Last Updated 14 years ago by Kenya Engineer

A textile maker, Rivatex East Africa has upgraded its machines to improve efficiency as it looks up to bigger markets. The factory owned by Moi University bought new equipment moving its production from 200 metres to 20,000 metres of cloth per day.

The university acquired the factory in 2007 after it collapsed at a cost of Sh250 million. The new machinery has reduced the need for the factory to hire more staff as well as increase orders. One such machine is the Autocoro S 360, a digital piecing tool which ensures that reports are generated electronically and settings are done through touch screen.

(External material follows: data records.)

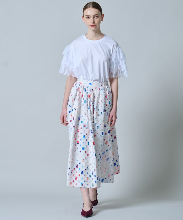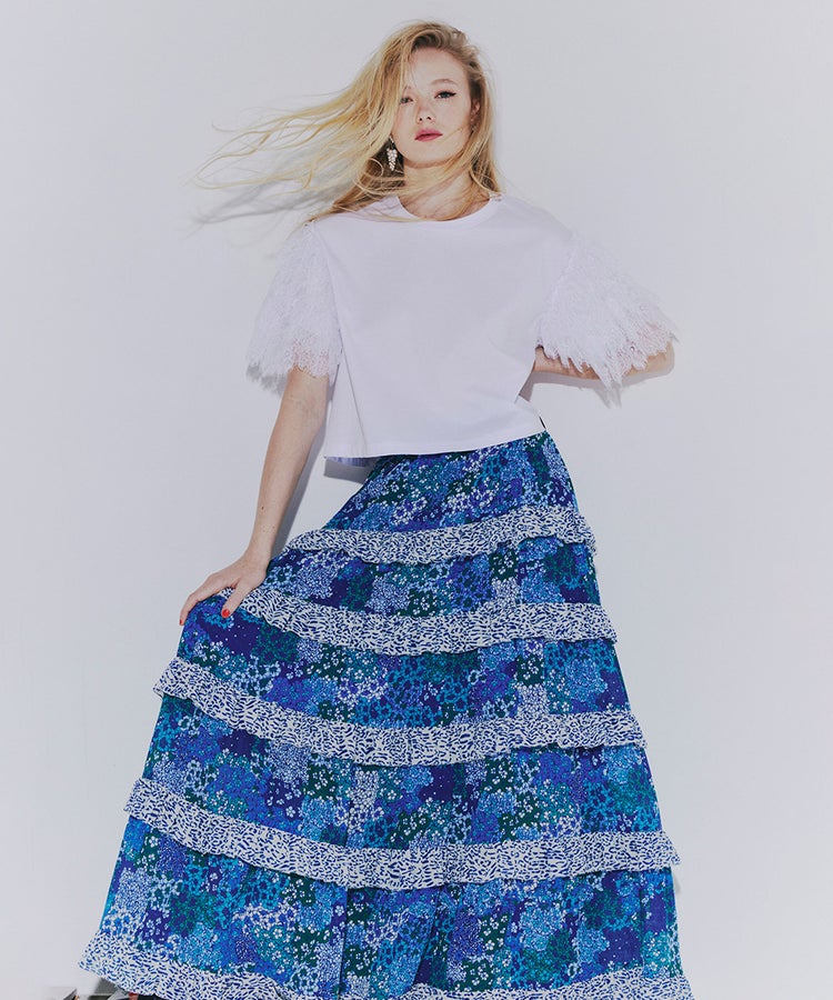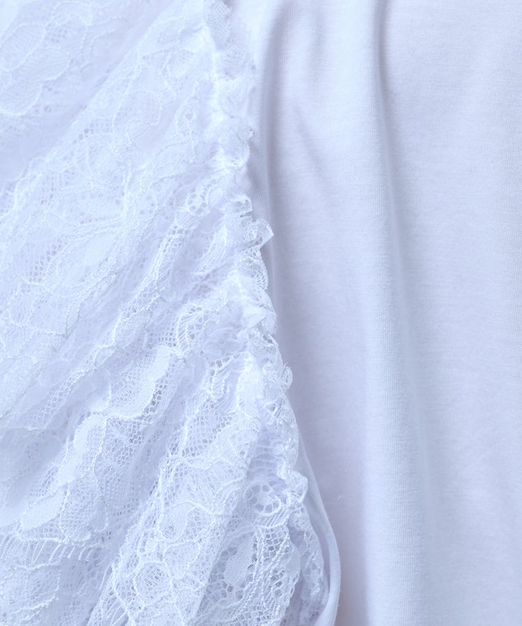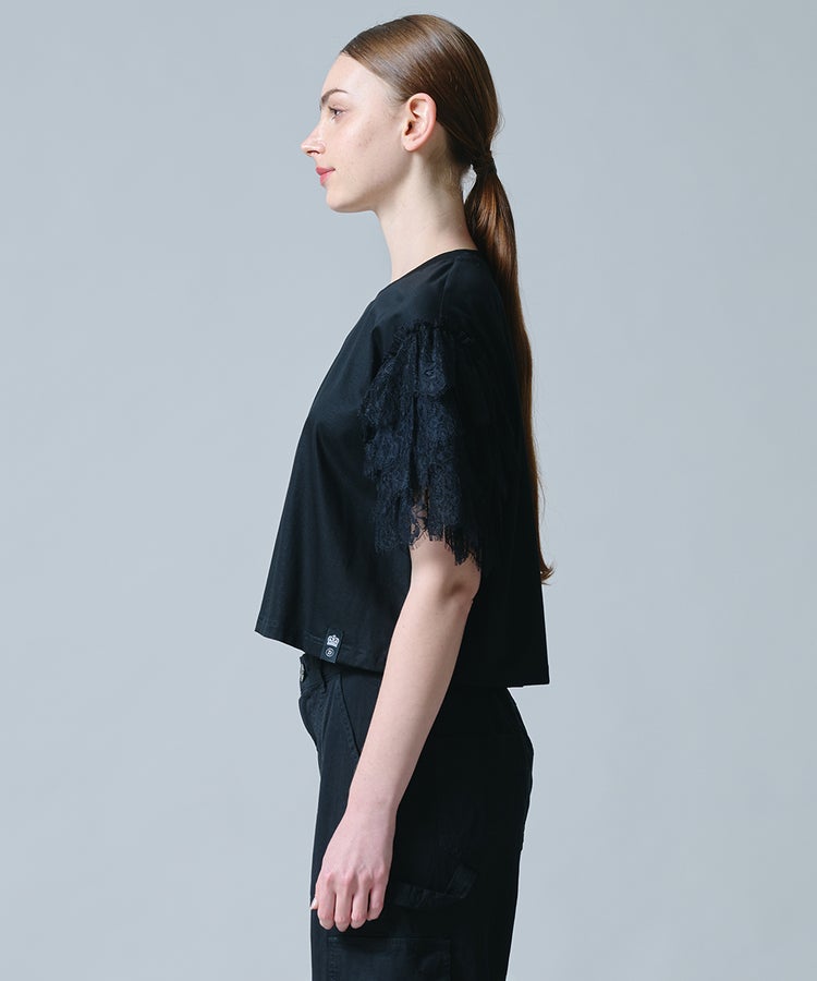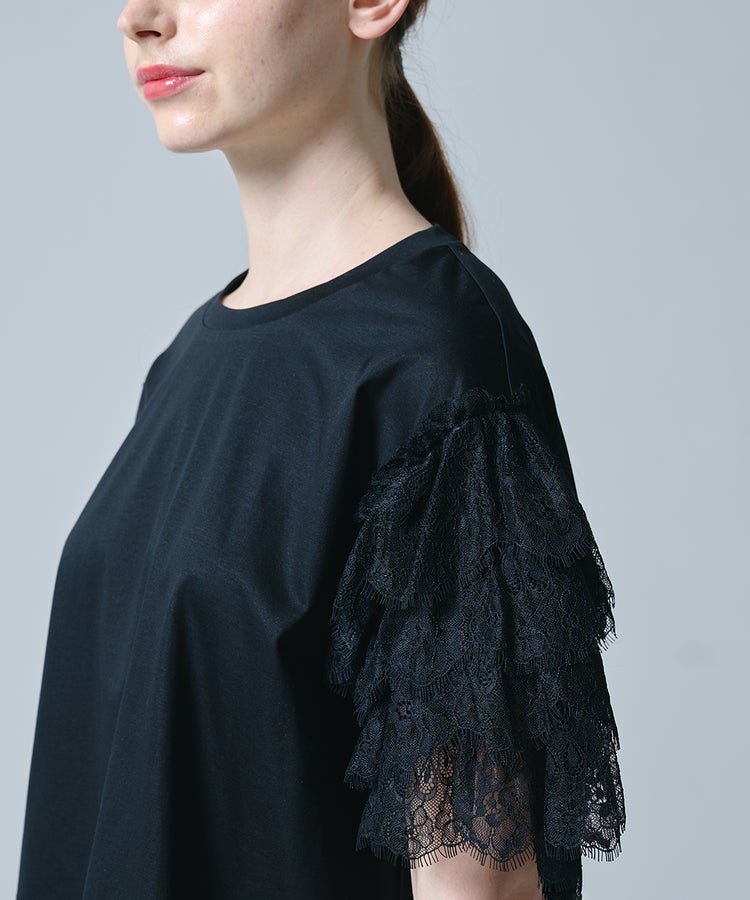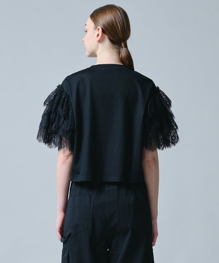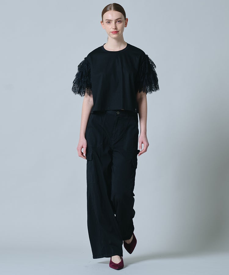 ボリューム感のあるフリルスリーブが目を引くTシャツ。シンプルながらもエレガントな印象に仕上げ、二の腕周りのシルエットをカバーしてくれるのも嬉しいポイントです。カラーは着回しやすいオフホワイトとブラックの2色展開。柄物のボトムスとも好相性で、コーディネートに取り入れるだけで品のあるスタイリングが楽しめます。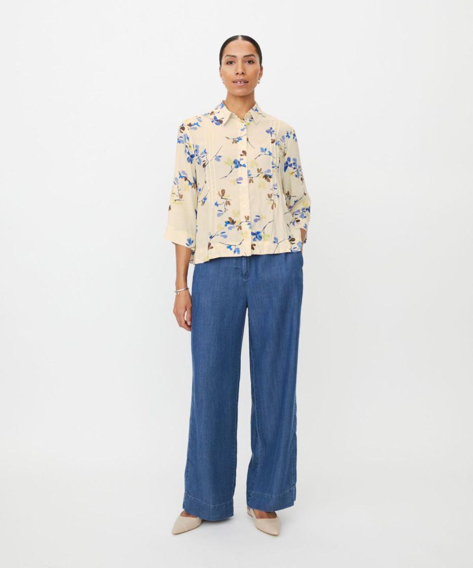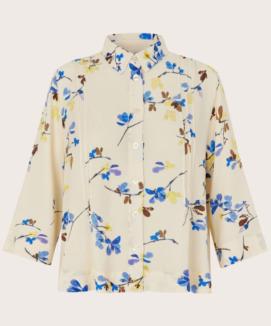 Tämä kaunis viskoosipaita tuntuu pehmeältä ja kevyeltä ihoa vasten. Lyhyt, laatikkomainen leikkaus koristeellisilla hiuslaskoksilla ja pienillä halkioilla antaa paidalle tyylikkään ilmeen ja runsaasti liikkumisvapautta. Kukkakuvio lisää elegantin ja naisellisen silauksen, joten se sopii täydellisesti sekä arkeen että tyylikkäisiin tilaisuuksiin. Yhdistä se farkkujen tai yksinkertaisten housujen kanssa huolettoman ja tyylikkään ilmeen saavuttamiseksi.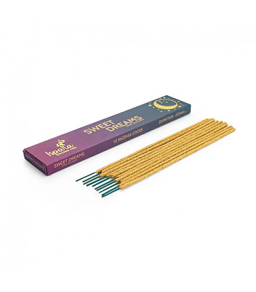 Aromat kadzideł Sweet Dreams tworzy relaksującą atmosferę, która wywołuje spokój w umyśle i sercu. Napar z ziół leczniczych, lawendy, wanilii i Palo Santo oczyszcza energię z niskich wibracji, aby przyciągnąć spokój.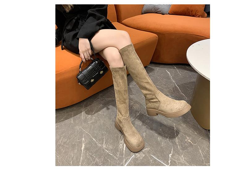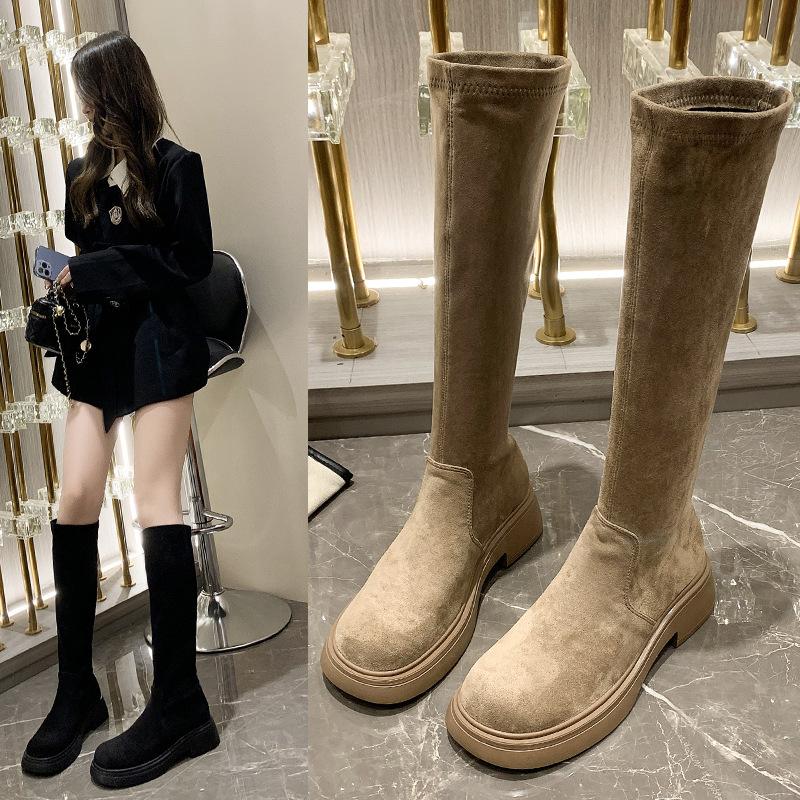 Botas Largas Pequeñas para Mujer 2024 Otoño e Invierno Nuevas Botas Elásticas de Gamuza Ajustadas Look Adelgazante Botas Altas Largas Sexy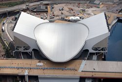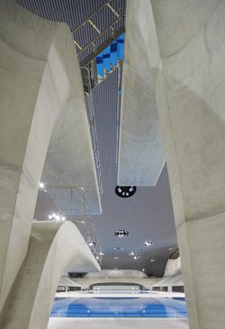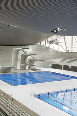 El Centro Acuático de Londres, construido para los Juegos Olímpicos de 2012. El concepto arquitectónico de este espacio está inspirado por las geometrías fluídas del agua en movimiento, creando espacios que reflejen los paisajes de la costa del Parque Olímpico. Una cobertura ondulada se eleva a partir del suelo como una onda, al mismo tiempo que describe el volumen de las piscinas de natación y el buceo.
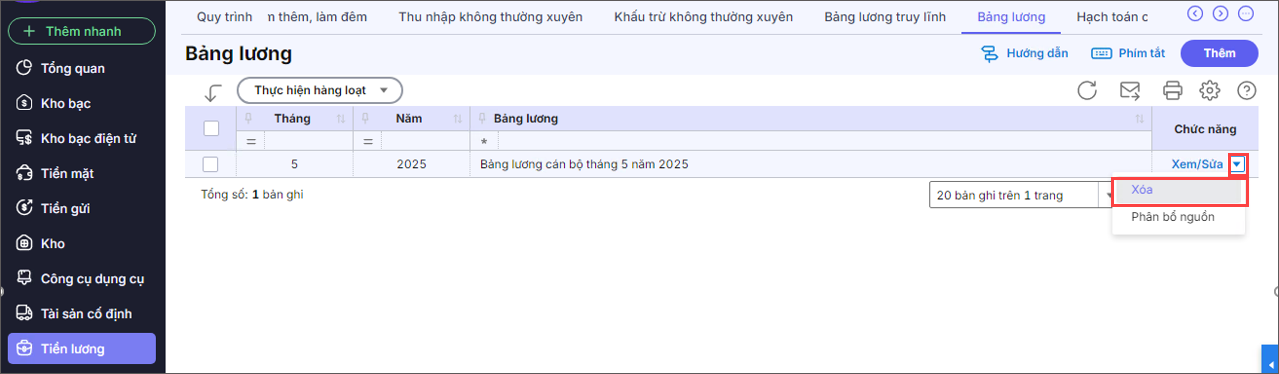Bước 2: Nhấn vào mũi tên cạnh Xem/Sửa chọn Xóa tại bảng lương cần xóa.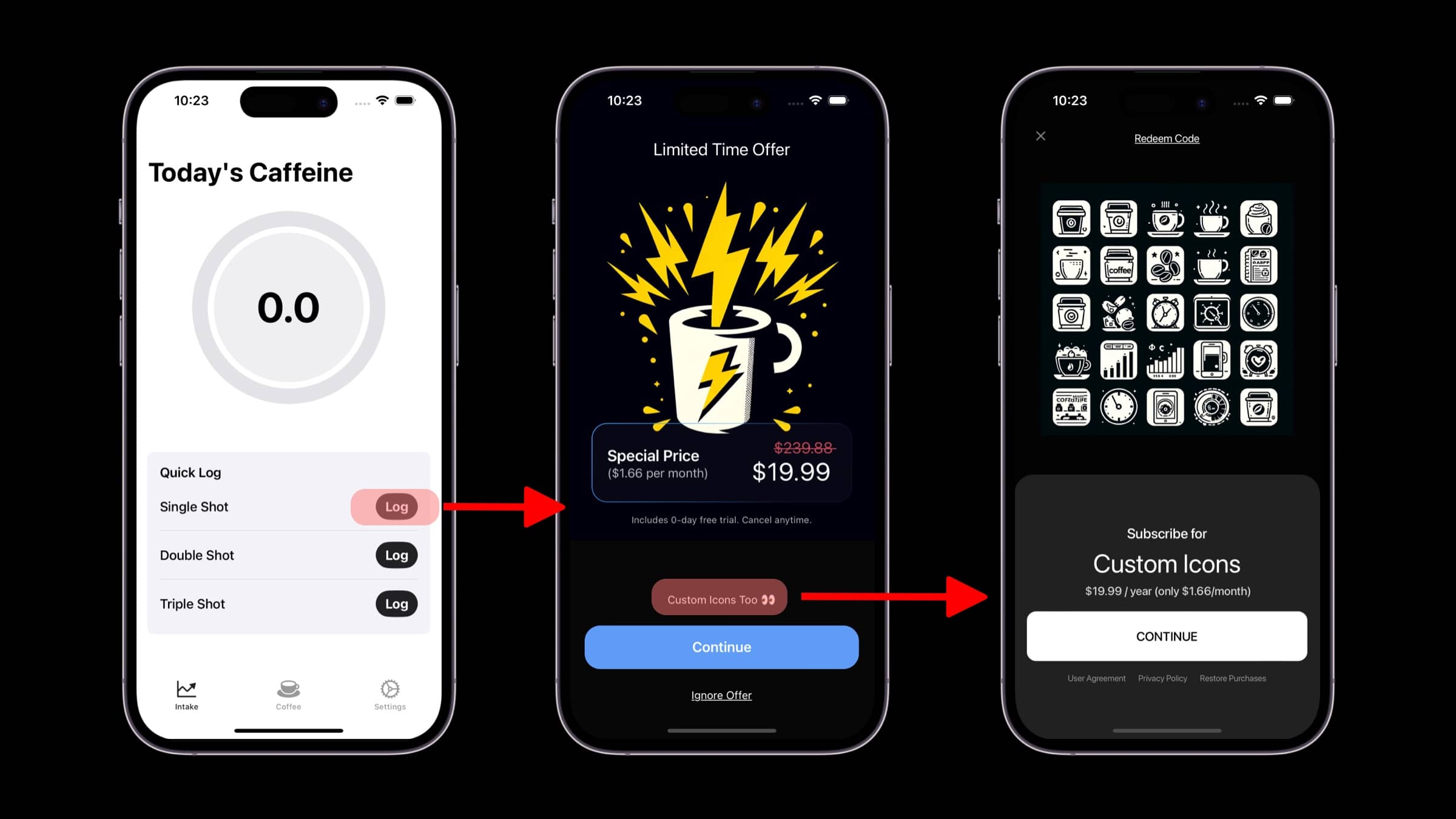 • The current paywall dismisses, and then presents the icons-centric paywall.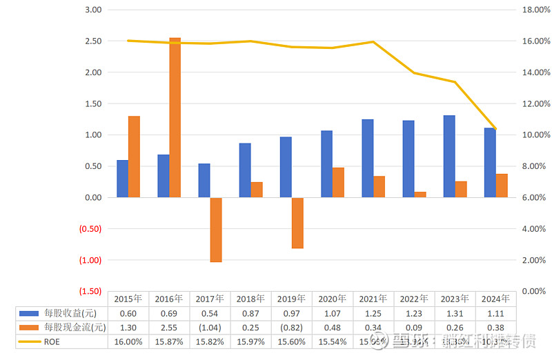 (1)每股收益表现相对稳定,只在17、24两个年度出现了净利润的下滑,十年间每股收益增长了85%;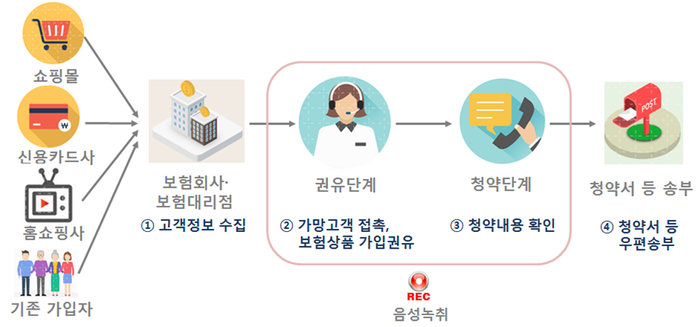 ▲보험상품 전화가입(TM) 절차.(금융위 제공) |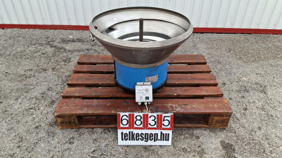 Rezgőadagoló, köradagoló, vibrációs alkatrészadagoló 640 mm, Használt gép Gyártó: Gasco Típus: BVN 4 Befoglaló méretek: Szélesség: 720 mm Mélység: 720 mm Magasság: 510 mm Elektromos adat: 230V, 2,5A, 575W, Tányér méret: 340-640 mm - További információk

Rivatex sells its products locally and in the region. Out of the 600 tonnes of cotton that the factory requires per year for optimum production, 250 tonnes are imported mainly from Uganda and Tanzania. Other than the dyes and other chemicals, the factory also imports about 80 tonnes of man-made fibres per year.
Expenses of dyes has however reduced following the discovery of a natural dye produced from tagetes minuta,a herb commonly referred to as Stinking Roger.It grows naturally in different parts of the country and seven colors including green, brown and orange-can be extracted from it.

The textile industry has a long way to go following closure of some factories. Some of those closed include the Mount Kenya Textiles and Kisumu Cotton Mills which collapsed in the 1990’s and are yet to be revived.